Data excerpt.
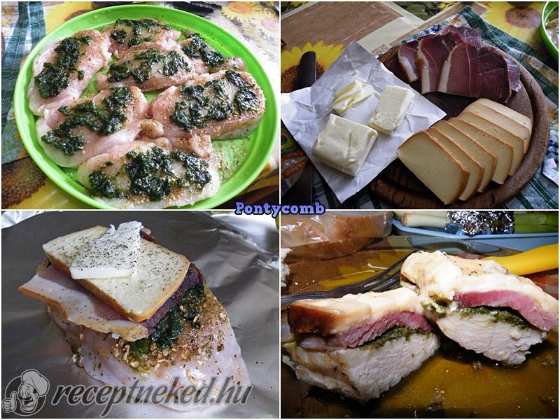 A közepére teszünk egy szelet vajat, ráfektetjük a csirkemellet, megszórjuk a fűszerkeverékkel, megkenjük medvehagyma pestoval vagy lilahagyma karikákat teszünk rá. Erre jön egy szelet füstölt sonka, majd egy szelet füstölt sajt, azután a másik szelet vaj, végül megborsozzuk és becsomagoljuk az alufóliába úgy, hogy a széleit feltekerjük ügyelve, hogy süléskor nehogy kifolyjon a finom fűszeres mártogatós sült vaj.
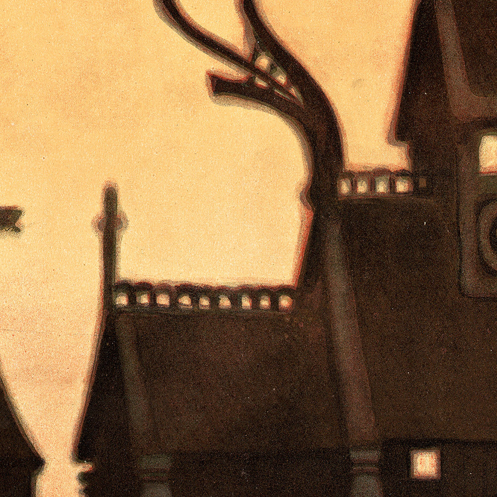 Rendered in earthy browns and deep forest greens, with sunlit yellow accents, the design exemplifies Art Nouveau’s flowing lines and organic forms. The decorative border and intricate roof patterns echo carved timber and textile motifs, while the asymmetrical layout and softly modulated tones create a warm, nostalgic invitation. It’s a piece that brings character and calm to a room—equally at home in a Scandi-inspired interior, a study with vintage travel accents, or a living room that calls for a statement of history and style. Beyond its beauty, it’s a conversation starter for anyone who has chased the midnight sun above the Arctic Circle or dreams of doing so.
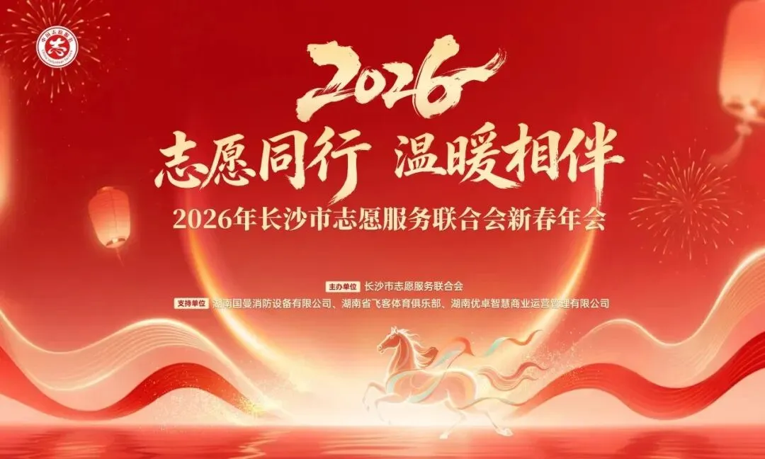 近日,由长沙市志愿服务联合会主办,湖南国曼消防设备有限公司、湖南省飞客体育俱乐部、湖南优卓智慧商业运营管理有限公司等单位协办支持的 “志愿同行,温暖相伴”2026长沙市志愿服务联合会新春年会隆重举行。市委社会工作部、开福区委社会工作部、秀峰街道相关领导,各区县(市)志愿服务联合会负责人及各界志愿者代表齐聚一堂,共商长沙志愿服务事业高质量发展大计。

Aim of the task.
Give back the data exactly, with no images.

Output of the exercise.
 A közepére teszünk egy szelet vajat, ráfektetjük a csirkemellet, megszórjuk a fűszerkeverékkel, megkenjük medvehagyma pestoval vagy lilahagyma karikákat teszünk rá. Erre jön egy szelet füstölt sonka, majd egy szelet füstölt sajt, azután a másik szelet vaj, végül megborsozzuk és becsomagoljuk az alufóliába úgy, hogy a széleit feltekerjük ügyelve, hogy süléskor nehogy kifolyjon a finom fűszeres mártogatós sült vaj.
 Rendered in earthy browns and deep forest greens, with sunlit yellow accents, the design exemplifies Art Nouveau’s flowing lines and organic forms. The decorative border and intricate roof patterns echo carved timber and textile motifs, while the asymmetrical layout and softly modulated tones create a warm, nostalgic invitation. It’s a piece that brings character and calm to a room—equally at home in a Scandi-inspired interior, a study with vintage travel accents, or a living room that calls for a statement of history and style. Beyond its beauty, it’s a conversation starter for anyone who has chased the midnight sun above the Arctic Circle or dreams of doing so.
 近日,由长沙市志愿服务联合会主办,湖南国曼消防设备有限公司、湖南省飞客体育俱乐部、湖南优卓智慧商业运营管理有限公司等单位协办支持的 “志愿同行,温暖相伴”2026长沙市志愿服务联合会新春年会隆重举行。市委社会工作部、开福区委社会工作部、秀峰街道相关领导,各区县(市)志愿服务联合会负责人及各界志愿者代表齐聚一堂,共商长沙志愿服务事业高质量发展大计。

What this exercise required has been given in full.